When these screens are analyzed, statistical approaches are used to identify significant associations between the mutation of a driver gene and an increased sensitivity to the inhibition of another gene. The interpretation of the resulting associations remains challenging—the statistical tests provide information on which genes are required in the presence of specific driver genes, but not the mechanistic explanation as to why these dependencies exist. Inspired by approaches initially developed for the interpretation of genetic interactions in yeast [16], we have recently used the integration of functional interaction networks to aid the interpretation of dependencies identified in loss-of-function screens in cancer cell lines [5]. For instance in ERBB2-amplified cell lines we see an increased dependency upon ERBB2 itself and also the ERBB2 protein-interaction partners ERBB3 and PIK3CA [5]. This suggests that ERBB2 amplified cell lines are frequently “addicted” to the functionality of ERBB2, the binding of ERBB2 to its interaction partner ERBB3, and the function of the downstream effector PIK3CA.

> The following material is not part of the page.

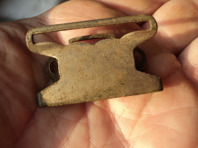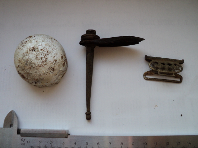 Первая какой-то алюминиевый колпачок с гербом (лиса на щите сидит).Надпись что-то про помаду: над гербом HUXOLIN POMADE. Под гербом F.WOLF & SOHN KARLSRUHE BADEN. Интересно от чего. Вторая непонятка с надписью Petroleum. Может от канистры какой? Третья непонятная изящная пряжечка, найдена в поле. На не ней надпись DEPONIRT 1882. Интересно это год основания фирмы или изготовления пряжки. Материал медь с покрытием белям металлом.

Here, we describe a protocol for the analysis of loss-of-function screens in a panel of cancer cell lines. We use as example data a recent kinome-wide siRNA screen performed in a panel of osteosarcoma cell lines [5]. Our analysis protocol involves three main steps:

    1.The conversion of siRNA screening results into gene-sensitivity scores.

    2.The integration of these sensitivity scores with genotypic data to identify statistical associations between driver                 
    genes and sensitivity to the inhibition of particular genes.

    3.The integration of additional data such as protein-protein interactions to interpret these associations.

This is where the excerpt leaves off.